「探偵甲子園」編
夢小説設定
ご利用の端末、あるいはブラウザ設定では夢小説機能をご利用になることができません。
古いスマートフォン端末や、一部ブラウザのプライベートブラウジング機能をご利用の際は、機能に制限が掛かることがございます。
「全然ってねぇ……」
平次と白馬が言い合いをしていた頃、港には怒りに満ちた小五郎の声が響いていた。
「口ヒゲの男と高校生と子供を1人乗せてった船だよ!!全然知らないわけねーだろっ!?」
小五郎は、何とかして名前達の行き先を調べようと港に停泊する船の所有者達に声をかけて回っていたが、一向に手がかりが見つからない。
「…………。」
そんな小五郎に詰め寄られている漁師は、渋い顔をしてだんまりを決め込んでいる。
「困ったわね。名前達、大丈夫かな…」
そんな小五郎と漁師のやり取りを、蘭は心配そうに見守っていた。
card.488
「…………。」
「和葉ちゃん?」
蘭が隣に立つ和葉に視線を向けると、和葉は顎に手をあてて眉を寄せている。
「どうしたの?和葉ちゃん」
「……何やろ、やっぱり何か引っ掛かってんねん!」
和葉は不思議そうに小さく首を傾げながら、蘭に言葉を返す。
「え?」
「あの……あの、平次の最後の…」
和葉は独り言のように小さく呟きながら、港で別れた平次の姿を思い出す。
--おう!残したるわ!!服部平次ここに在りってのォ!!--
「!!」
「か、和葉ちゃん?」
何かを思いついたように小さく息をのんだ和葉を、蘭は不思議そうに見つめていた。
--
---
------
---ザーッ…
港とは違い、未だ雨が降り注ぐ無人島。七槻達をダイニングに送り戻ってきた白馬を含む、名前・コナン・平次・快斗の5人が時津の遺体を囲んでいた。
「まぁ、いっちゃん引っ掛かるゆうたら…」
「わざわざ机の上に死体を座らせている……このポーズですね」
時津の遺体を見ながら小さく首を傾げる平次の言葉に続いて、白馬も腕を組みながら呟く。
「これって、やっぱり何か意味があるのかしら」
「さぁな。ただ単に、この密室殺人を外から見えるようにアピールしたかっただけって事も考えられるが……」
「でも、わざわざアピールしなくても…いつまでも時津君が姿を見せなければ、誰かが部屋に確認に来るのは分かってるわよね?」
「ああ、そうだな」
白馬と平次の呟きを聞きながら、名前とコナンは小声で言葉を交わす。
「…………。」
(こうも全員が推理モードに入られちまうと……俺、何にもする事ねーな。名前ちゃんも、さっきから名探偵とコソコソ話してるし)

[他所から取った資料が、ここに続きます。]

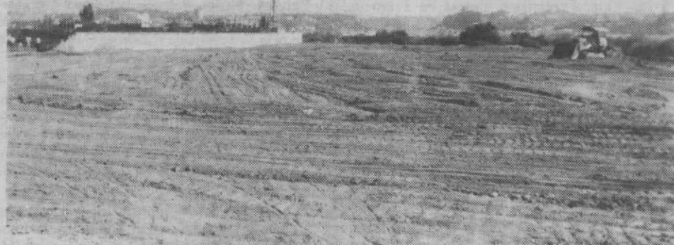
O campo de treinos estará concluído a breve trecho.

dios, alguns dos quais ainda a receber, da DGD, da FPF, da A.F.A. e ainda, da Câmara Municipal. Importa salientar que, como nos disse o presidente da Direcção durante um convívio que o clube promoveu com a Comunicação Social, «há uma grande abertura da Câmara Municipal para apoiar o Recreio em fazer face às verbas que faltam».

5人の中で一人だけ探偵ではない快斗は、暇そうに頭を掻きながらブラブラと室内をうろついている。その時、ふと部屋の隅に置かれているラベンダーと工具箱が目に入って、思いついたように呟く。
「そーいや、このラベンダーと工具箱やっぱり全員の部屋に置いてあるみてーだな」
「……そういえばそうね。それに、どの部屋にあるのも同じ形みたいだわ」
快斗の呟き聞いて、今までコナンと小声で言葉を交わしていた名前が、ラベンダーと工具箱に視線を向ける。
「外から眺めとっても埒赤んわ。工具箱開けるで…」
名前と快斗の言葉を聞いて、平次は懐からハンカチを取り出す。そして、ハンカチ越しに工具箱に触れようと手を伸ばす。
「待った!」
「……ん?」
そんな平次の前に、白馬がスッと手を伸ばし制止をかける。
「僕がやりましょう…」
「あ、さよけ…」
(こいつ、普段からこんなもん持ち歩いてんのかいな……)
平次を制止した白馬は、懐からするりと白い手袋を取り出して小さく微笑んだのだった。